■ **What you will do**: The reply must consist of the lines from the first line of the records through the line containing "Introduce your home", copied exactly, with every picture omitted.

■ **Records for the task**:
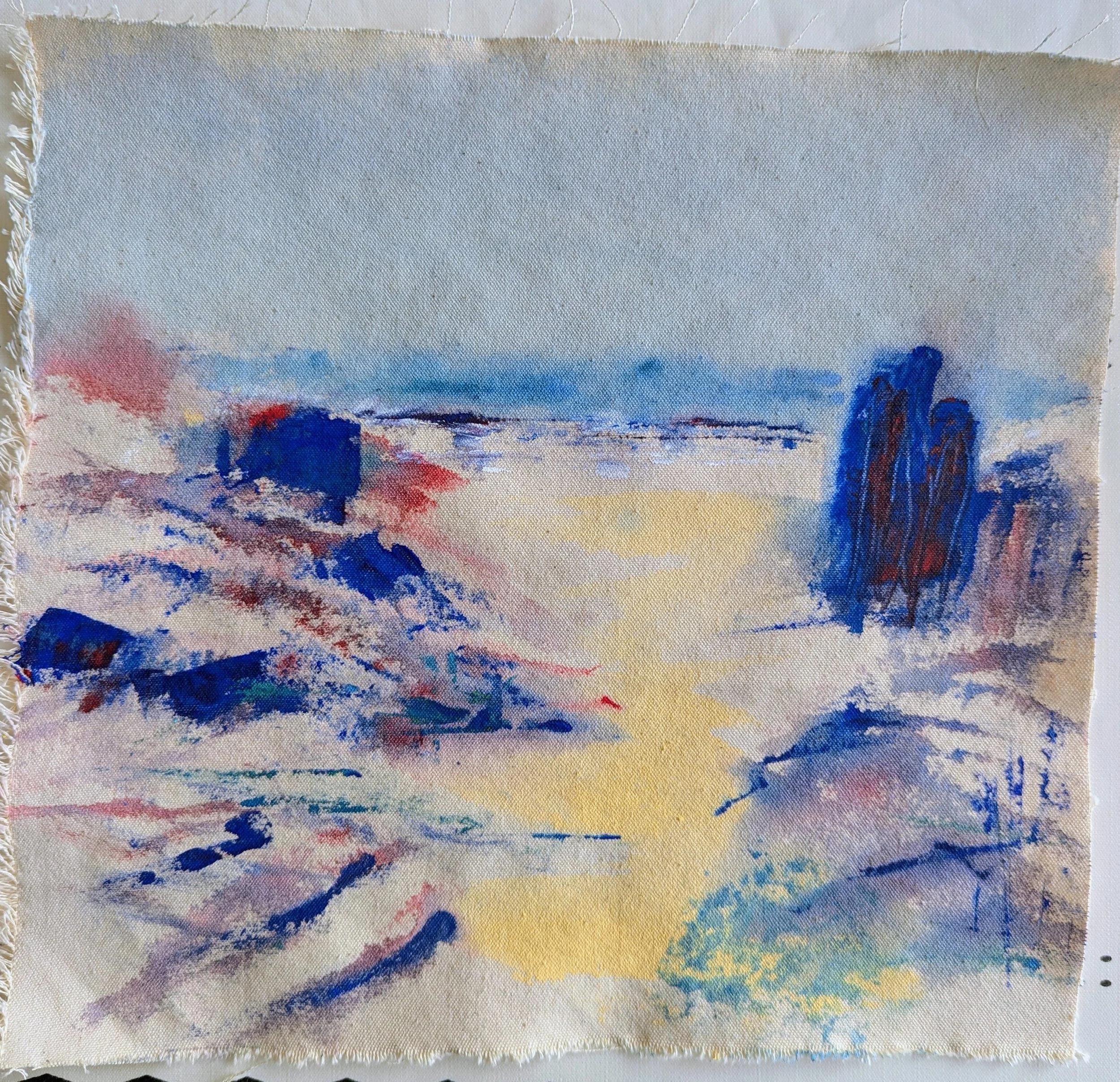 I wanted to experiment so deliberately took unfamiliar materials and a limited palette. It was so interesting to work on raw canvas, a real learning curve.
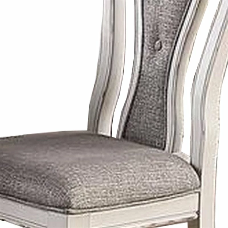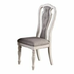 Introduce your home t this very stylish and attractive dining chair and add charm to your dining room. The dining chair is supported on flared and turned legs and has a scrolled design backrest that features upholstery with fabric tufting. The padded upholstered seat makes sure comfort is not compromised with style.
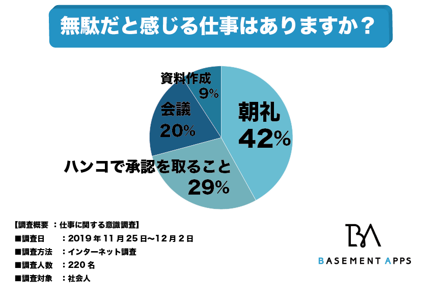 日本網站BASEMENT APPS對於「感到浪費的工作」進行調查,在220名受訪者中有42%的人選擇了「朝會」。日本的朝會文化源於製造業。在製造業中,通過在一天工作開始前分配任務來提高工作效率。然而,現代已經能夠在不進行早會的情況下檢查自己的任務,因此早會被認為已經成為過時的業務方式。
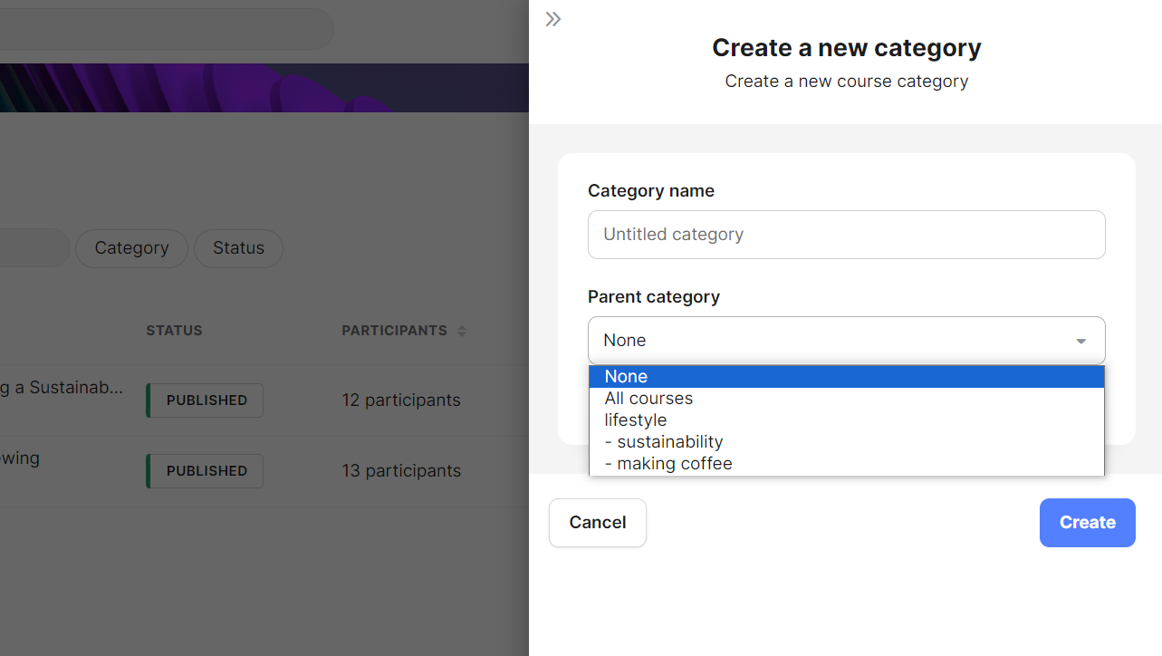 A category is a feature that allows you to filter all courses within a specific topic. You can create a course category in the Courses catalog or on the specific course page. Let’s check both options.
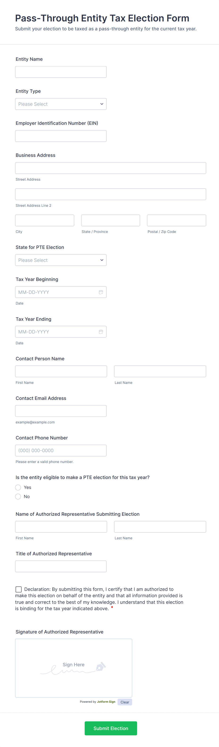 Whether you’re a government agency collecting official tax forms or an accountant gathering information from your clients, securely receive tax information online with Jotform’s Tax Forms! Start by selecting a form template below and customizing it to match your needs and branding. Then share the form or embed it in your website to be filled out on any smartphone, tablet, or computer. Submissions are stored in your secure Jotform account and can be converted into professional PDF documents automatically.

■ **Your response**:
 I wanted to experiment so deliberately took unfamiliar materials and a limited palette. It was so interesting to work on raw canvas, a real learning curve.
 Introduce your home t this very stylish and attractive dining chair and add charm to your dining room. The dining chair is supported on flared and turned legs and has a scrolled design backrest that features upholstery with fabric tufting. The padded upholstered seat makes sure comfort is not compromised with style.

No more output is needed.